Wobei mir gerad eauffällt das der zeilenumbruch eigentlich keine auswirkungen auf die tags haben sollte...

Dann noch ne frage zu dem editor:
Ich benutze im Phase (5.2) der ist eher für html da er die java tags ignorir
und im internet ist nur verwirrung zu finden 

Brauche ich für Windows 7 das SDK oder JDK
und welche editor ist gut für anfänger 
(hatte damals in der schule den von java) 

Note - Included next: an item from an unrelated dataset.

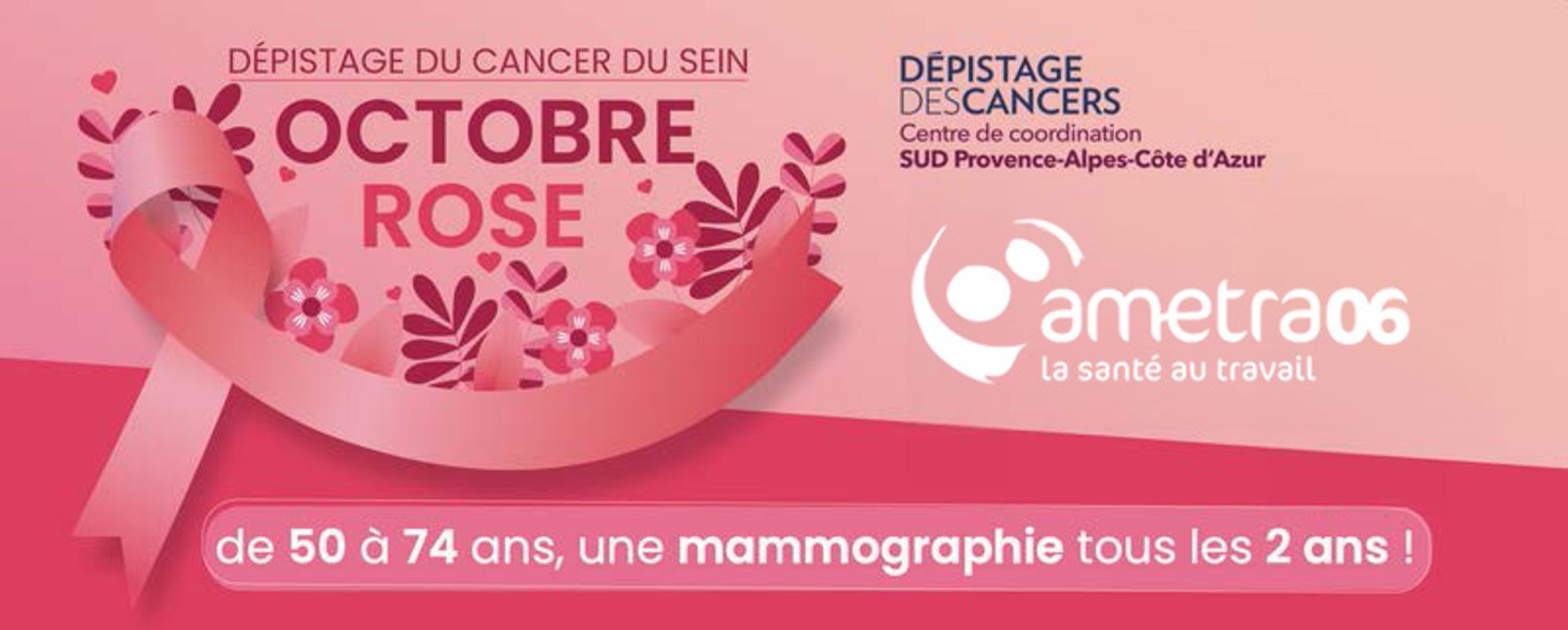 Dans le cadre d’un partenariat avec le Centre Régional de Coordination du Dépistage des Cancers (CRCDC Sud Paca), l’AMETRA06 soutient activement la campagne Octobre Rose 2024.

Links für tuts und downloads währen nett 

danke im vorraus schonmal!


----------



## Atze (7. Aug 2010)

hm, ich glaube du verwechselst da wirklich java und javascript!  oder irre ich mich? du willst ein javascript skript bearbeiten, oder?
das kannst du mit jedem texteditor. manche unterstützen auch syntaxhighlighting, wie zB notepad++.

Notepad++ | 5.7

für javascript benötigst du kein jdk/sdk. das sind die entwicklungswerkzeuge und laufzeitumgebungen für die programmiersprache java! 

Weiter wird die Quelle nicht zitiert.